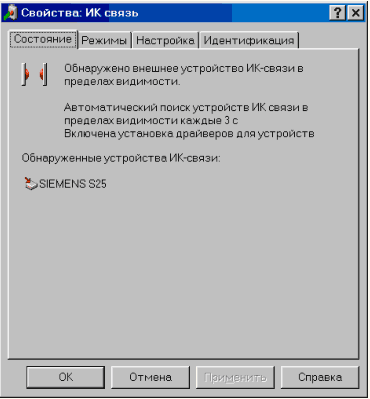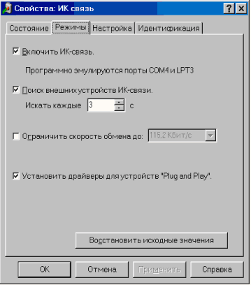 Среди всех настроек я бы выделил только "Режимы". Здесь вы сможете включить ИК-связь и установить время, через которое ИК-порт будет искать своих друзей в прямой зоне видимости. Параметр "Ограничение скорости обмена до:" можно отключить. Вот при каких настройках мой ИК-порт прекрасно работает:
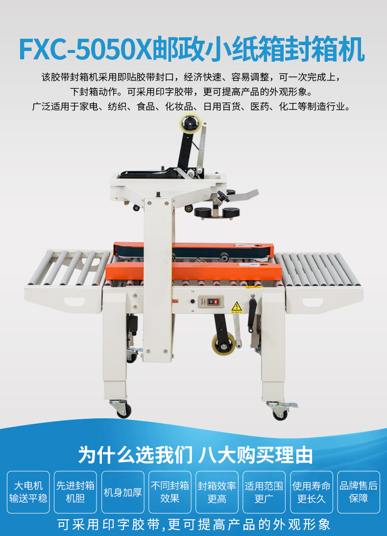 封箱機主要適用于紙箱的封箱包裝,既可單機作業,也可與流水線配套使用,它可單箱作業,也可與紙箱成型開箱機、裝箱機、貼標機、捆包機、棧板堆疊機、輸送機等設備配套成包裝流水線使用,為包裝流水線作業必須的設備
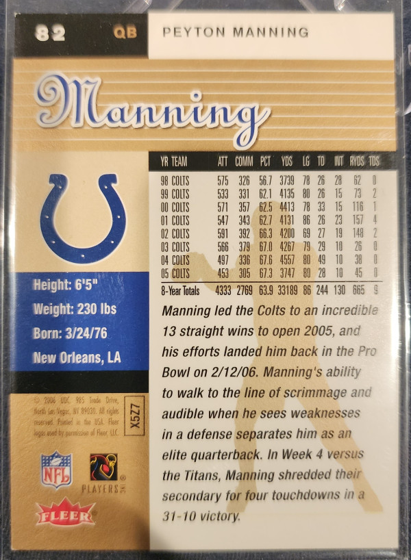 2006 Fleer Ultra Peyton Manning Gold Medallion
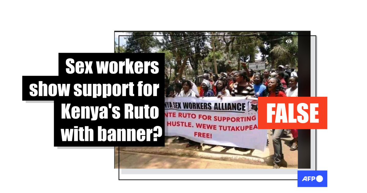 Alongside the claim is an image of women holding up a banner from the Kenya Sex Workers Alliance. The message on it reads: “Thank you Ruto for supporting our hustle, we will give you for free.”
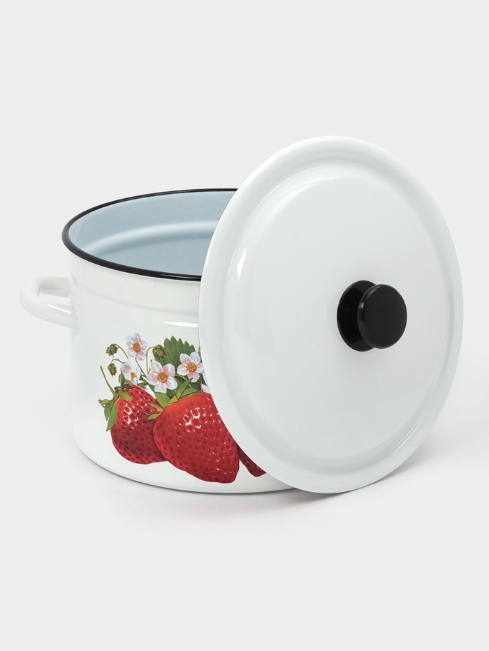 - Крышка из эмалированной стали: плотно прилегает, удерживает пар и не деформируется при нагреве. Моется вместе с кастрюлёй — без отдельных правил ухода.
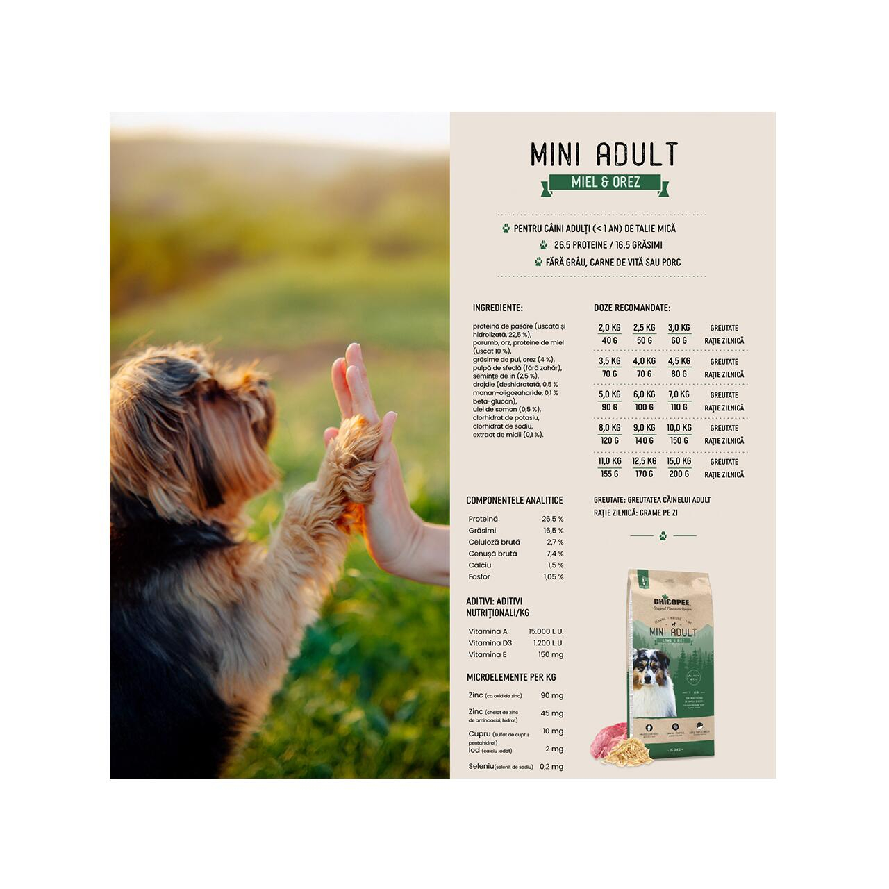 Hrană super premium Chicopee CNL Mini Adult (15kg). Formulă fără grâu pentru câini de talie mică, cu bobițe adaptate, suport pentru blană și controlul mirosului scaunului.
------------------------
PROBLEM TO SOLVE:
Output each record above word for word, leaving out images.

WRITTEN SOLUTION:
 Среди всех настроек я бы выделил только "Режимы". Здесь вы сможете включить ИК-связь и установить время, через которое ИК-порт будет искать своих друзей в прямой зоне видимости. Параметр "Ограничение скорости обмена до:" можно отключить. Вот при каких настройках мой ИК-порт прекрасно работает:
 封箱機主要適用于紙箱的封箱包裝,既可單機作業,也可與流水線配套使用,它可單箱作業,也可與紙箱成型開箱機、裝箱機、貼標機、捆包機、棧板堆疊機、輸送機等設備配套成包裝流水線使用,為包裝流水線作業必須的設備
 2006 Fleer Ultra Peyton Manning Gold Medallion
 Alongside the claim is an image of women holding up a banner from the Kenya Sex Workers Alliance. The message on it reads: “Thank you Ruto for supporting our hustle, we will give you for free.”
 - Крышка из эмалированной стали: плотно прилегает, удерживает пар и не деформируется при нагреве. Моется вместе с кастрюлёй — без отдельных правил ухода.
 Hrană super premium Chicopee CNL Mini Adult (15kg). Formulă fără grâu pentru câini de talie mică, cu bobițe adaptate, suport pentru blană și controlul mirosului scaunului.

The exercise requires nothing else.